● What to work on
Given the entries below, would you transcribe exactly the lines starting at the one with "I’m happy and" and ending at the one with "A Prefeitura de", both kept, pictures omitted, nothing extra?

================

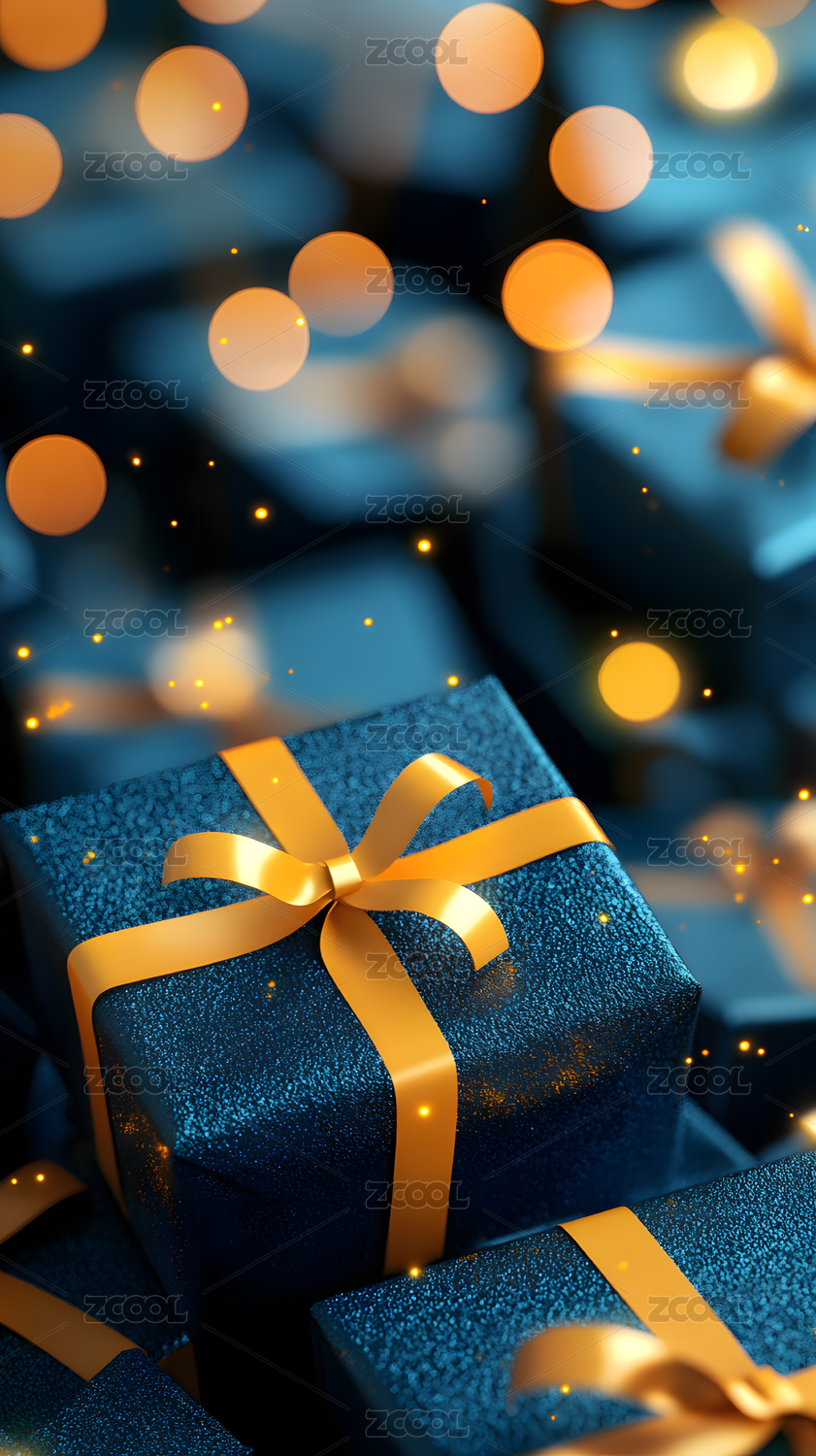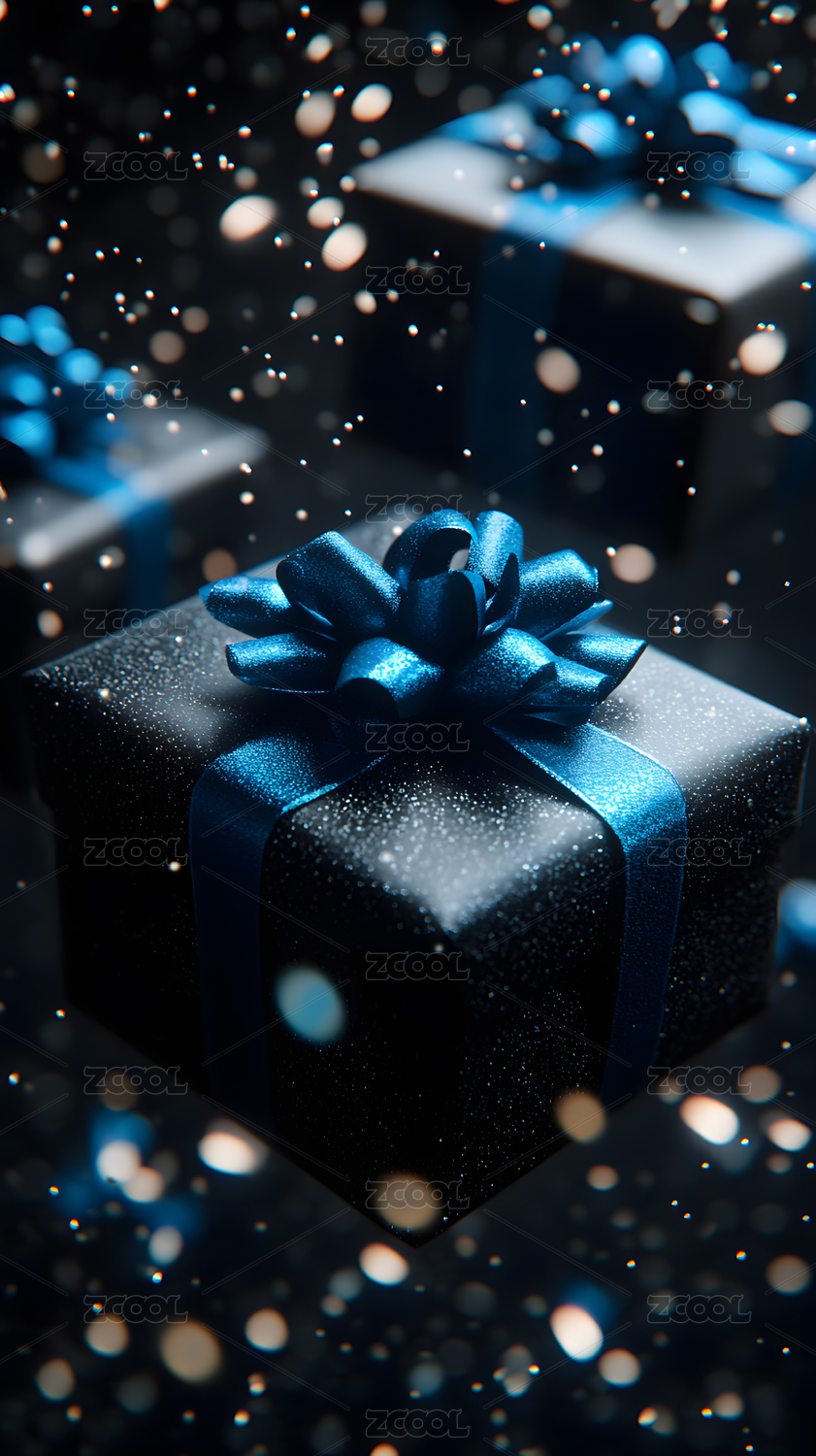 黑色礼盒与金色丝带,奢华闪耀的节日气氛
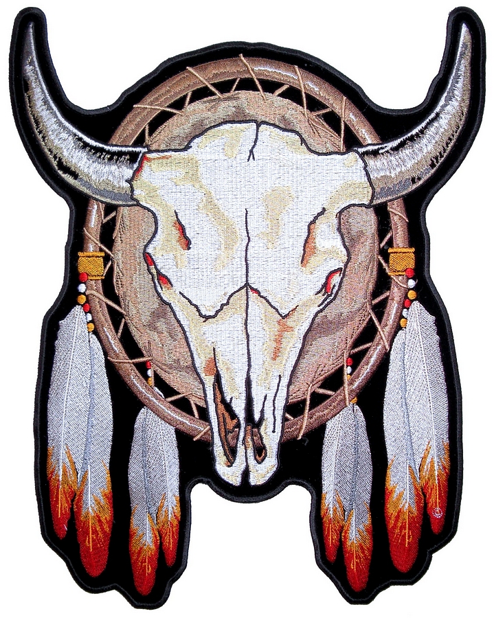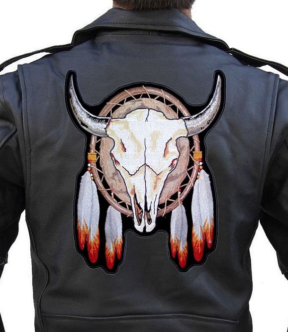 I’m happy and proud to be able to offer this great looking and unique biker patch. It features a steer skull with horns with an Indian dream catcher behind it and feathers. It is a great patch with lots of detail. Can be sewn or ironed on. Great for leather or textile jackets, vest, hats, caps, whatever you can think of. I have this in three sizes:
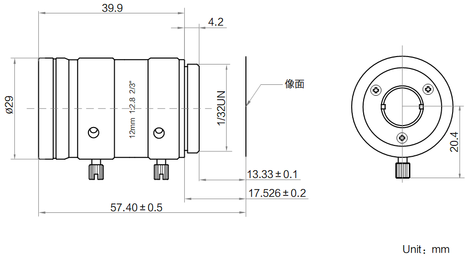 | 像面尺寸 | Φ11.2 mm(2/3'') | |
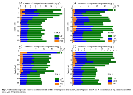 ? 數(shù)據(jù):植被區(qū)脂質(zhì)(9.97 mg·g?1)、碳水化合物(15.08 mg·g?1)含量為無植被區(qū)2倍。
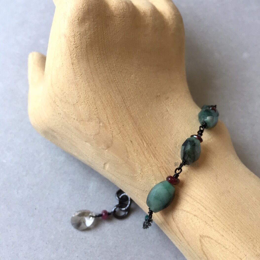 アクセサリーはエメラルド、ガーネット、ルビー、ガラス(一部スワロフスキー、チェコビーズ)を含みます。
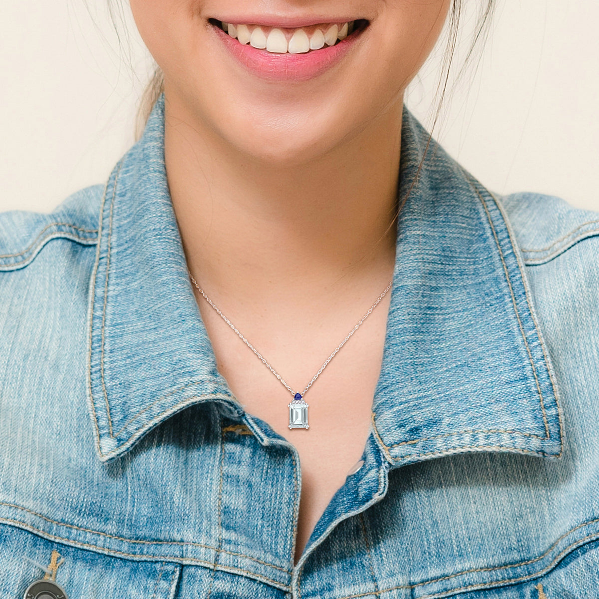 This Aquamarine, Blue Sapphire, and Diamond Accent Necklace by Mimi & Max is a captivating fusion of cool tones and timeless elegance. Featuring an octagon-cut aquamarine, a trilliant-cut blue sapphire, and delicate diamond accents, this pendant is the perfect expression of refined beauty, making it an ideal gift for any special occasion.
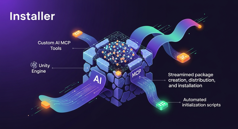 Create custom AI MCP Tools for Unity Engine in minutes using this template project. Streamlines package creation, distribution, and installation with automated initialization scripts, support for both Editor and Runtime tools, and seamless integration with AI Game Developer (Unity-MCP) for enhanced AI-assisted development workflows.
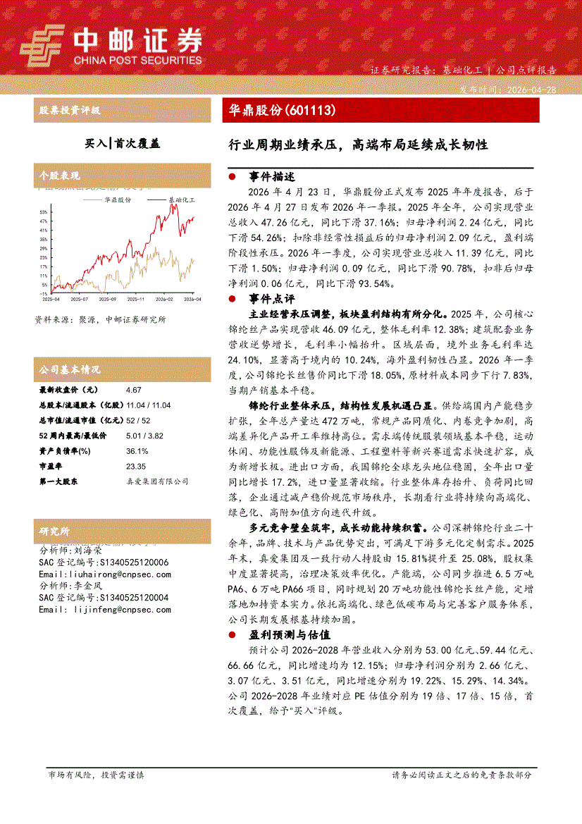 华鼎股份:中邮证券-华鼎股份-601113-行业周期业绩承压,高端布局延续成长韧性-260428
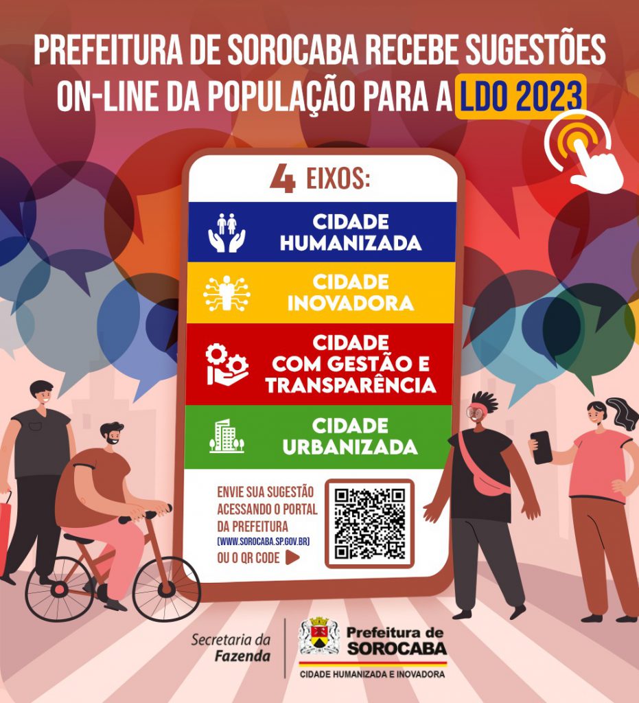 A Prefeitura de Sorocaba, por meio da Secretaria da Fazenda (Sefaz), abre, nesta quarta-feira (23/02), o prazo para recebimento on-line de sugestões da população que podem ser incluídas no projeto da Lei de Diretrizes Orçamentárias (LDO) 2023.
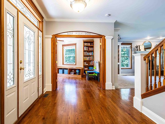 Discover your dream home in this luxurious six-bedroom retreat, perfectly situated on a serene 1.17-acre wooded lot. This home offers a blend of comfort and sophistication, beginning with an expansive main floor. Enjoy an oversized living room, a spacious office with built-in bookshelves, and a large kitchen equipped with an island and pantry. A formal dining room and convenient half-bath complete the main level, making it perfect for both daily living and entertaining. Upstairs, you'll find five generously-sized bedrooms, including a stunning primary suite with an ensuite bathroom and a massive walk-in closet. Each of the additional bedrooms includes a walk-in closet, and two of the bedrooms share a full ensuite bathroom. A third bathroom is in the hallway, and the upper level is completed with a convenient finished laundry room. The finished daylight basement extends your living space, featuring a huge recreation room with a wet bar, a full bathroom, a sixth bedroom, and a second laundry area. An additional 250 square feet of unfinished space offers excellent storage or storm shelter options. Step outside to your private backyard oasis, where an in-ground pool, a pergola with fire tables, a hardscape patio, and a composite deck await. The wooded lot ensures privacy and a tranquil atmosphere for ultimate relaxation. Located in a charming neighborhood in Northwest Valparaiso, this home offers peace and convenience. With high-speed internet, location in the highly rated Duneland School District, and easy access to major commuting routes, this residence is as practical as it is beautiful. Just 15 minutes from the South Shore Commuter Rail Dune Park station and 10 minutes from I-94, it's the perfect blend of serenity and accessibility. Make this extraordinary home yours and elevate your everyday living!

================

● Solved problem
 I’m happy and proud to be able to offer this great looking and unique biker patch. It features a steer skull with horns with an Indian dream catcher behind it and feathers. It is a great patch with lots of detail. Can be sewn or ironed on. Great for leather or textile jackets, vest, hats, caps, whatever you can think of. I have this in three sizes:
 | 像面尺寸 | Φ11.2 mm(2/3'') | |
 ? 數(shù)據(jù):植被區(qū)脂質(zhì)(9.97 mg·g?1)、碳水化合物(15.08 mg·g?1)含量為無植被區(qū)2倍。
 アクセサリーはエメラルド、ガーネット、ルビー、ガラス(一部スワロフスキー、チェコビーズ)を含みます。
 This Aquamarine, Blue Sapphire, and Diamond Accent Necklace by Mimi & Max is a captivating fusion of cool tones and timeless elegance. Featuring an octagon-cut aquamarine, a trilliant-cut blue sapphire, and delicate diamond accents, this pendant is the perfect expression of refined beauty, making it an ideal gift for any special occasion.
 Create custom AI MCP Tools for Unity Engine in minutes using this template project. Streamlines package creation, distribution, and installation with automated initialization scripts, support for both Editor and Runtime tools, and seamless integration with AI Game Developer (Unity-MCP) for enhanced AI-assisted development workflows.
 华鼎股份:中邮证券-华鼎股份-601113-行业周期业绩承压,高端布局延续成长韧性-260428
 A Prefeitura de Sorocaba, por meio da Secretaria da Fazenda (Sefaz), abre, nesta quarta-feira (23/02), o prazo para recebimento on-line de sugestões da população que podem ser incluídas no projeto da Lei de Diretrizes Orçamentárias (LDO) 2023.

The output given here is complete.